Thanks Daniel! Quick replies:
On down-weighting low-end vs high-end compute levels: The reason that the down-weighting for low-end compute levels was done in a separate and explicit way was just because I think there’s a structural difference between the two updates. When updating against low-end compute levels, I think it makes more sense to do that update within each hypothesis, because only some orders of magnitude are affected. To implement an “update against high-end compute levels”, we can simply lower the probability we assign to high-compute hypotheses, since there is no specific reason to shave off just a few OOMs at the far right. My probability on the Evolution Anchor hypothesis is 10%, and my probability on the Long Horizon Neural Network hypothesis is 15%; this is lower than my probability on the Short Horizon Neural Network hypothesis (20%) and Medium Horizon Neural Network hypothesis (30%) because I feel that the higher-end hypotheses are less consistent with the holistic balance of evidence.

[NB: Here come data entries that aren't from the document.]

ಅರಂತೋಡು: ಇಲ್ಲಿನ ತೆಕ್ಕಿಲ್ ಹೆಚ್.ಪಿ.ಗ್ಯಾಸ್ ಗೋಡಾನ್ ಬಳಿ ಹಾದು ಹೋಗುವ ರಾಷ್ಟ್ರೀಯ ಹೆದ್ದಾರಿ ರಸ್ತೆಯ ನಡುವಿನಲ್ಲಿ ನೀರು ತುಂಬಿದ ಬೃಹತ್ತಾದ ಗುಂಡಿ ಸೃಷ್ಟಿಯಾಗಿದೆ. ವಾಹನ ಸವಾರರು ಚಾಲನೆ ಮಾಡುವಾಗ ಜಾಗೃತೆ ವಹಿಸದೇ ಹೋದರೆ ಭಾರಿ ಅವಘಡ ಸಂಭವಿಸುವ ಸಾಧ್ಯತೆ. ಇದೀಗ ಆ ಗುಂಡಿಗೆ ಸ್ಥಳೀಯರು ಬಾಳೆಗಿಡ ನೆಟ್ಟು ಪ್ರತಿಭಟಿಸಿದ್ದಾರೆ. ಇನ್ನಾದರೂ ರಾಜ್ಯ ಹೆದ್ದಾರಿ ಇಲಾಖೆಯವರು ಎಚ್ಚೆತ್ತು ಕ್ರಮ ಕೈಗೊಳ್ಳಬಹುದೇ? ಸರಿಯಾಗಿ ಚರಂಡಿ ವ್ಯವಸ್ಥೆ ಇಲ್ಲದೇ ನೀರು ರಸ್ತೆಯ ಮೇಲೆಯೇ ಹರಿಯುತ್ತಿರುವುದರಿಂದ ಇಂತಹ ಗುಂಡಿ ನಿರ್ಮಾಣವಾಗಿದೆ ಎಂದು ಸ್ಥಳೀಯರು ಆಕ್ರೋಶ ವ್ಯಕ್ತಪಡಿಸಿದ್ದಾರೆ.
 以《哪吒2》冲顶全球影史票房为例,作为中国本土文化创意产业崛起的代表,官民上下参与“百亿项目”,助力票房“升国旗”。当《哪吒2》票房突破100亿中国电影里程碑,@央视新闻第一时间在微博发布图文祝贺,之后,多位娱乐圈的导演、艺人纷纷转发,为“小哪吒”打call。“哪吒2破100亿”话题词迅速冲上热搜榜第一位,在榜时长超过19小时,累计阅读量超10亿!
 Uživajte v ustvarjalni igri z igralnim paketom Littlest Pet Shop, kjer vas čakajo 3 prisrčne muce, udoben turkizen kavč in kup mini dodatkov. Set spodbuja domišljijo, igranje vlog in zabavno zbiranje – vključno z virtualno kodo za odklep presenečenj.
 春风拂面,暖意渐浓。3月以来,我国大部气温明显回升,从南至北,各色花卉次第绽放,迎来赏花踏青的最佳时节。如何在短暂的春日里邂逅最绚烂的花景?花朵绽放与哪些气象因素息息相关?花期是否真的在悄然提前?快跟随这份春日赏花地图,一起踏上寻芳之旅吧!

On the GPT scaling trend: I think that the way to express the view that GPT++ would constitute TAI is to heavily weight the Short Horizon Neural Network hypothesis, potentially along with shifting and/or narrowing the range of effective horizon lengths in that bucket to be more concentrated on the low end (e.g. 0.1 to 30 subjective seconds rather than 1 to 1000 subjective seconds).
On getting transformative abilities with 1e15 parameter models trained for 30 subjective years: I think this is pretty unlikely, but not crazy like you said; I think the way to express this view would be to up-weight the Lifetime Anchor hypothesis. My weight on it is currently 5%. Additionally, all the Neural Network hypotheses bake in substantial probability to relatively small models (e.g. 1e12 FLOP/subj sec) and scaling more shallow than we’ve seen demonstrated so far (e.g. an exponent of 0.25).

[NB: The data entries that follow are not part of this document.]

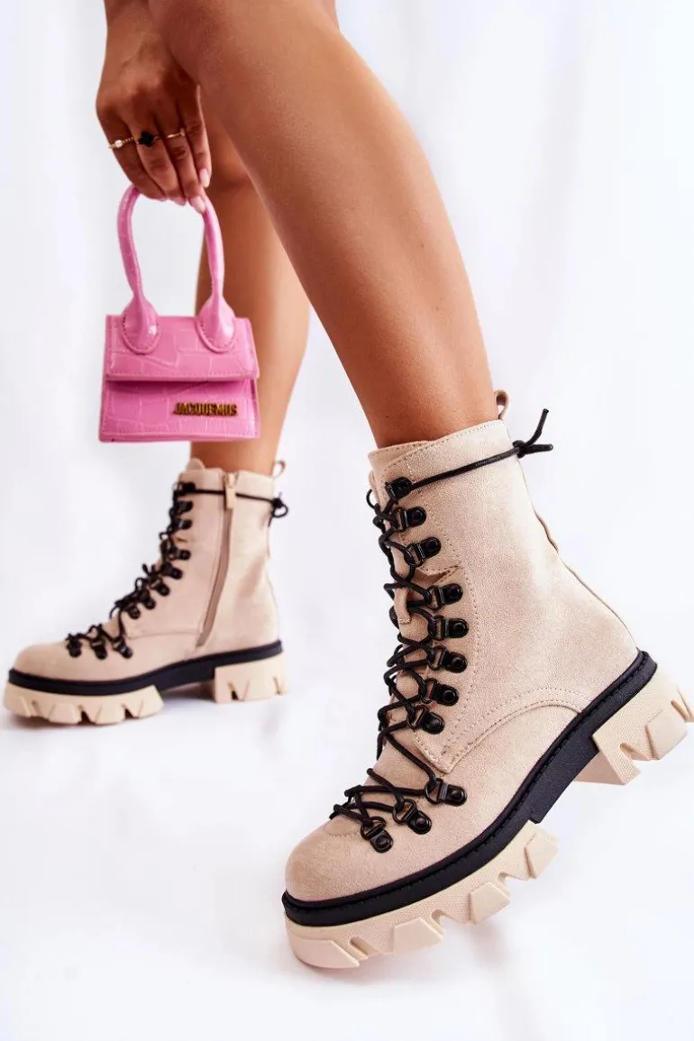 Świetne botki na chłodniejsze dni! Wykonane z przyjemnego w dotyku eko zamszu. Wnętrze ocieplone miłym w dotyku futerkiem. Posiadają suwak ułatwiający zakładanie obuwia oraz wiązanie. Botki z usztywnianym zapiętkiem. Masywna platforma z płaskim obcasem gwarantuje stabilność. Koniecznie musisz je mieć, nie zwlekaj z zakupem! Przy wyborze rozmiaru prosimy sugerować się tabelą rozmiarów.
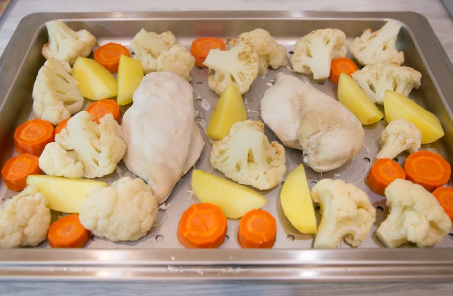 Приготовление пищи в духовке с паром или на пару удобно для тех, кто придерживается определенной диеты, но особенно ценно, что пар можно комбинировать с другими режимами. Но мы попробовали и режим пароварки: в режиме длительного приготовления на пару́ при 110 °C на 30 минут готовили курицу с овощами. Этого времени хватило, чтобы все продукты на противне полноценно приготовились и остались сочными.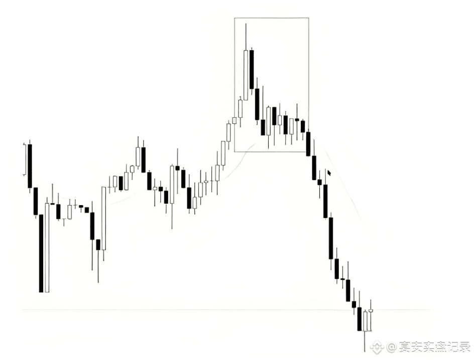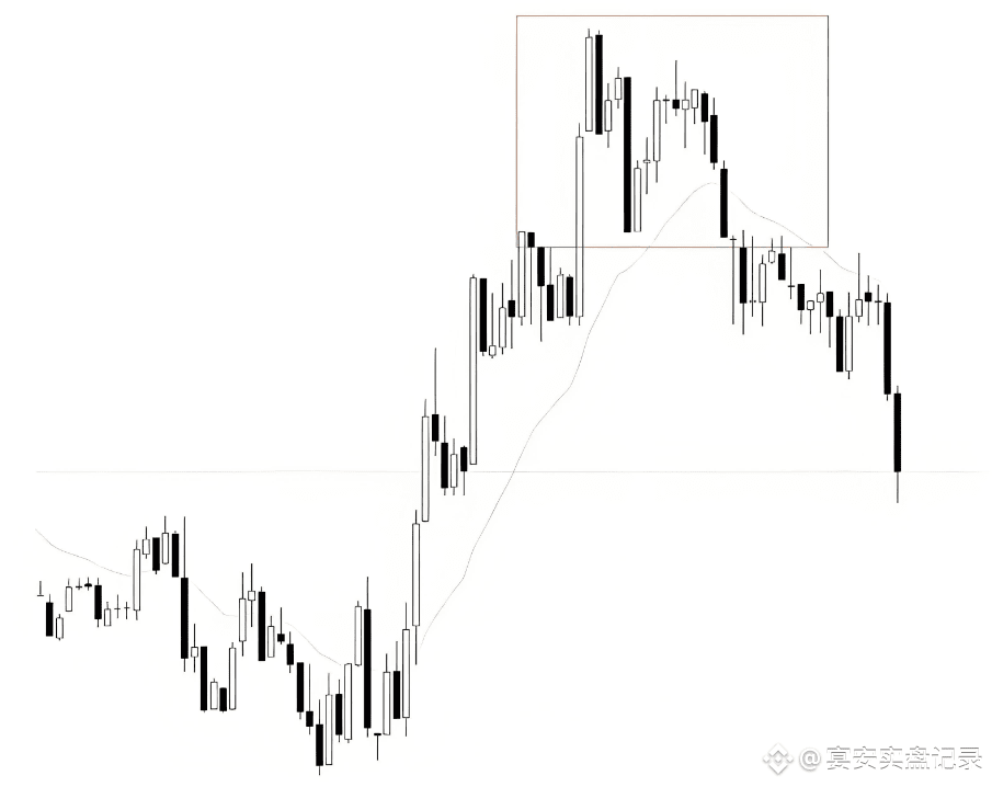 接下来,市场开始出现一些逆势 K 线,并且 K 线之间的重叠逐渐增多。这标志着市场从一个急速上升的阶段转变为一个 上升通道 。在这个通道的末期,价格重叠的现象进一步增加,行情逐渐转变为 横向交易区间 ,K 线几乎都在重叠,显示出市场的双边交易特征。

Thanks! Just as a heads up, I now have read it thoroughly enough that I’ve collected quite a few thoughts about it, and so I intend to make a post sometime in the next week or so giving my various points of disagreement and confusion, including my response to your response here. If you’d rather me do this sooner, I can hustle, and if you’d rather me wait till after the report is out, I can do that too.
Thanks! No need to wait for a more official release (that could take a long time since I’m prioritizing other projects).